Chess Tiebreaks
SuperDB isn’t limited to JSON — it can ingest and transform plain text just as easily. This tutorial demonstrates parsing raw text input using grok patterns, reshaping records, and aggregating results to answer a real question.
PGN (Portable Game Notation) is a plain text format for recording chess games. Each game has metadata in bracketed lines like [White "LastName, FirstName"] followed by the moves.

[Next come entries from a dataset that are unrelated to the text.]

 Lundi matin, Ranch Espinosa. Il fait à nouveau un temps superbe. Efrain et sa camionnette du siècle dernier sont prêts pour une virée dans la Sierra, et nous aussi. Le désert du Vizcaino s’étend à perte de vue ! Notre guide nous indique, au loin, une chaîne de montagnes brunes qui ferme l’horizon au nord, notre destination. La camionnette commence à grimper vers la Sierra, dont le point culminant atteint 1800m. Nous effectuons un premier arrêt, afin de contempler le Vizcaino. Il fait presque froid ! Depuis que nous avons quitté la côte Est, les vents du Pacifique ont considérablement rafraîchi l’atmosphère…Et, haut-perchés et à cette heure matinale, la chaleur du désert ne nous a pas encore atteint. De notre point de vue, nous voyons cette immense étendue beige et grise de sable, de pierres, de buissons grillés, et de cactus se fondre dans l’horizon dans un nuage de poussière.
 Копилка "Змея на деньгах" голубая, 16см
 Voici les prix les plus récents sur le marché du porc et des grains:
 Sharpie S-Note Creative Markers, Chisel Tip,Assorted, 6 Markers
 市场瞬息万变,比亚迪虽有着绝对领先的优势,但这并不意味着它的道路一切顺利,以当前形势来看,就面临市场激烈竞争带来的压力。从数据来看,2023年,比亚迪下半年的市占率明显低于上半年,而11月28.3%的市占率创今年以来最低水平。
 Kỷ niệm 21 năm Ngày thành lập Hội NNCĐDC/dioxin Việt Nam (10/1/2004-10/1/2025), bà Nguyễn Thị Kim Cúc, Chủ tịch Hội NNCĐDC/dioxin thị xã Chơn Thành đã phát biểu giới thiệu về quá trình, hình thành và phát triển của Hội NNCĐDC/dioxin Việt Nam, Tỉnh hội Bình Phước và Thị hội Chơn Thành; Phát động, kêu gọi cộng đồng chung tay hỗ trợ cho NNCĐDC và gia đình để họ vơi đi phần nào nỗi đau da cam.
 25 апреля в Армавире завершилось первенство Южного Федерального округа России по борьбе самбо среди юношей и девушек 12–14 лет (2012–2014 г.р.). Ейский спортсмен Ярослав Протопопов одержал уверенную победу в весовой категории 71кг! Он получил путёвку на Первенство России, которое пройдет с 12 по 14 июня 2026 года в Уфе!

Here we’ll parse a tournament’s PGN file to find players who faced each other more than once (indicating tie-break games).
The data comes from the Tata Steel Masters 2024 broadcast on Lichess, the tie-break games can be seen here.
The Complete Solution
curl -sS https://lichess.org/api/broadcast/ycy5D2r8.pgn |
super -i line -s -c "
--
-- parse the pgn file
--
where this != ''
| grok('.*White \"%{WORD:last_name_white}|.*Black \"%{WORD:last_name_black}', this)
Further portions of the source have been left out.